第4話

リサに奥側のソファを譲ると、彼女は僕の真正面から少し位置をずらして座った。4人掛けのテーブルで二人向かい合う。


「ええと、はじめまして……って言うのも、ちょっと変な感じだね」


リサはくすりと笑う。


「そうですね。もうかれこれ4ヶ月位ですか。ソウタさんとやり取りするようになって」

「うん、それくらいになると思います」


少しの沈黙。

何か話を振らないと、と少し焦る。


「「あの」」


かぶる。

なんだろう。青春の匂いがする。


「どうぞ」

「いや、リサさんからどうぞ」


また少し沈黙。

おずおずと、リサが「じゃあ……」と口を開く。


「どうして今日、私と会ってくれたんですか?」


え、もうそんな直球な話題なの?もっと天気の話とか最近読んだ本の話とか当たり障りのない雑談しないの?
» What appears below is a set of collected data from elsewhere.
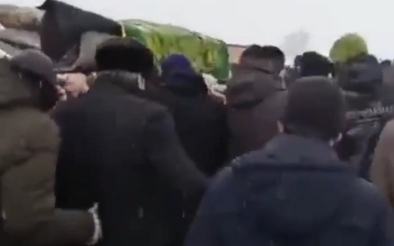ونشر موقع “فونتانكا” لقطات من مواقع للتواصل الاجتماعي لموكب ضم عشرات الأشخاص في شوارع يغطيها الجليد، وهم يرددون أدعية دينية، ويحملون ما بدا أنها جثة ملفوفة بقماش أخضر.
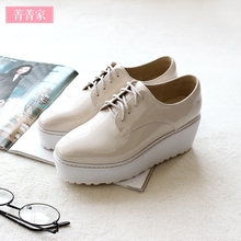 秋款女鞋圆头真皮女厚底松糕鞋米白色深口休闲中跟鞋子系带低帮鞋
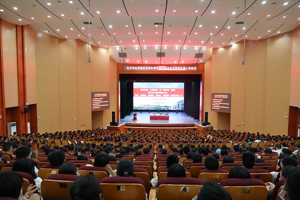罗成翼以《聚焦湖南“三高四新”和“强省会战略”,做大电子信息类新工科,培养“实基础、重应用、强能力、高素质”的复合型人才》为题开讲入学教育第一课。
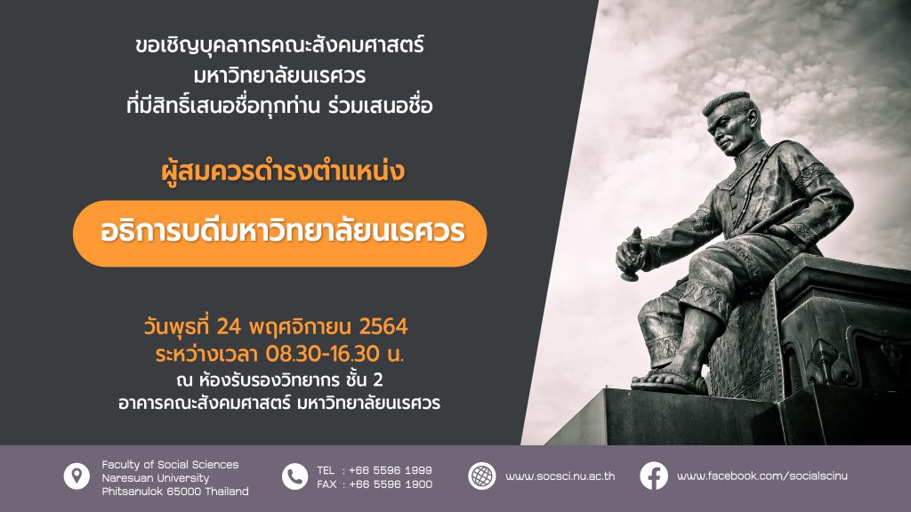 การเสนอชื่อ “ผู้สมควรดำรงตำแหน่งอธิการบดีมหาวิทยาลัยนเรศวร” ขอเชิญบุคลากรคณะสังคมศาสตร์ มหาวิทยาลัยนเรศวร ที่มีสิทธิ์เสนอชื่อทุกท่าน ร่วมเสนอชื่อ “ผู้สมควรดำรงตำแหน่งอธิการบดีมหาวิทยาลัยนเรศวร” วันพุธที่ 24 พฤศจิกายน 2564 ระหว่างเวลา 08.30-16.30 น. ณ ห้องรับรองวิทยากร ชั้น 2 อาคารคณะสังคมศาสตร์ มหาวิทยาลัยนเรศวร
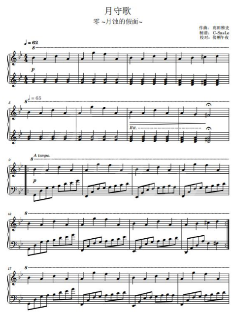 在零月蝕的假面這款遊戲中,裡面有一首月守歌十分經典,本期小編給大家帶來的就是零月蝕的假面月守歌曲譜分享,感興趣的小夥伴們一起來了解一下吧~
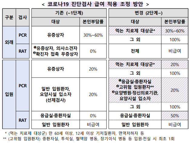 진단·검사와 관련해 PCR·RAT 대상 및 본인부담률도 변경되며 보호자·간병인 대상 선제검사 건강보험 적용도 종료한다.
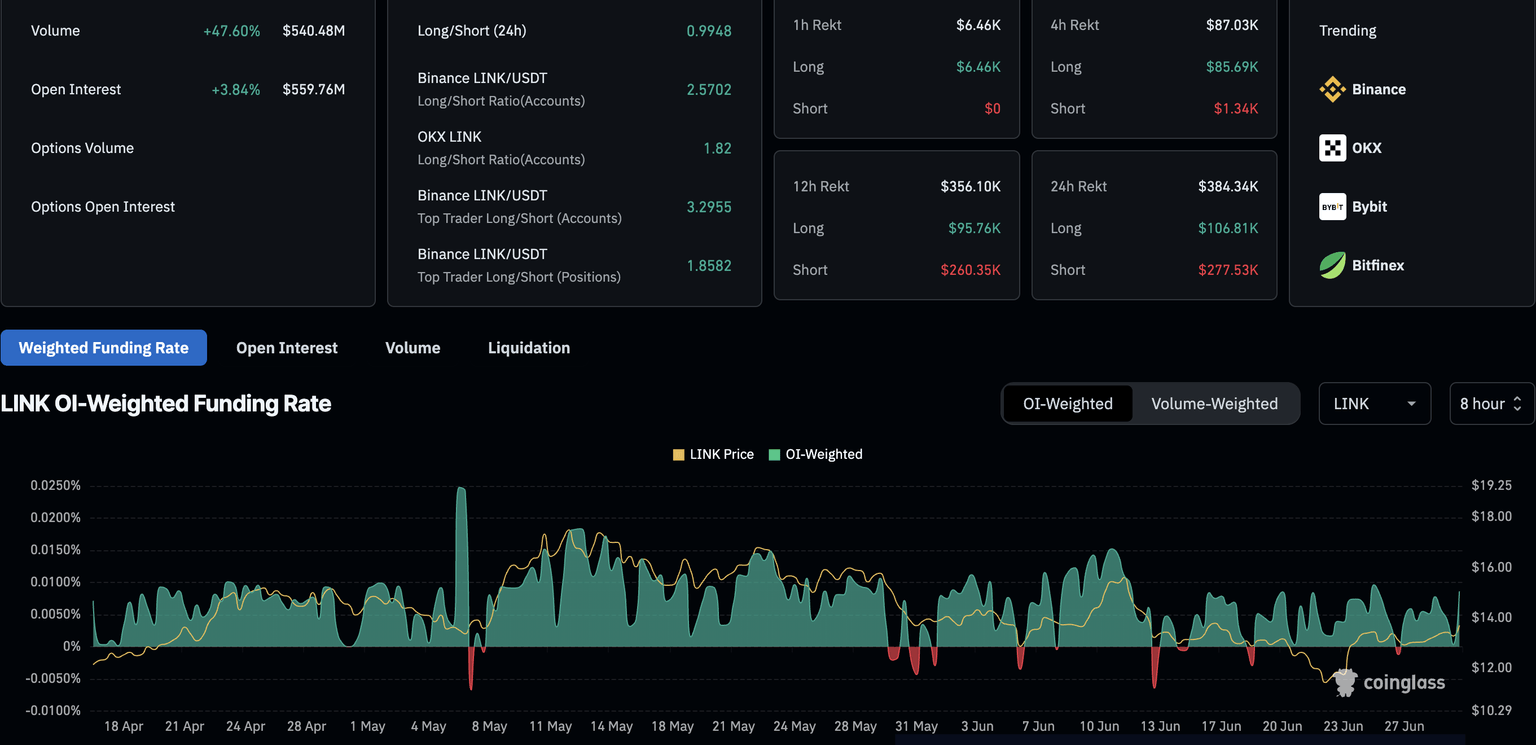 Chainlink derivatives. Source: Coinglass
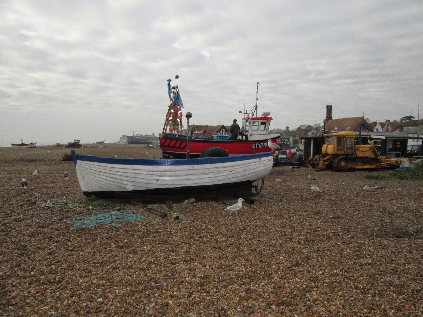 | Aldeburgh has a small fleet of fishing boats - 3 or 4, and the fish is sold from huts on the beach, the boats are towed down the beach by the tractors or rolled on rollers. |

「いや……そんな深く考えてたわけじゃ……。ただ、Twitterでやり取りしてて、いい人そうだな、と思って。これまでお話してて楽しかったですし」


さすがに「君が手首を切って血を流すところを見せてくれるんじゃないかと期待して」とは言えなかった。


などと考えている僕と反対に彼女は顔をほころばせて矢継ぎ早に話し出す。


「そうですか。私と話してて楽しかったですか。私もです。ソウタさんとやり取りするの、いつも楽しくて、早く学校から帰りたいな、って毎日思ってました」

「DMでお話したと思うんですけど、私、学校で気の置けない友だちっていうのが、ほとんど、いなくて」

「だから、学校の話とか、お話できるのってソウタさんくらいで」

「最近はソウタさんとのTwitterが楽しみで、楽しみで」

「それで、思い切ってソウタさんに会えないか、って聴いてみたんです」

「だから、今日は来てくれて、とっても嬉しいです」


お、おお。思ったよりぐいぐい来るな。

ただ、そんなふうに言われて悪い気はもちろんしなかった。

これをきっかけに話が弾みだした。もともとTwitterでどんな学校生活を送っているか、どんな本を読んでいるか、どんな音楽を聴くか、なんてことはお互いに知っていたのだ。そうしたベースがあるので、話題には事欠かなかった。


せっかく横浜に来たのに、日が落ちるまで僕らはカフェで話し込んでいた。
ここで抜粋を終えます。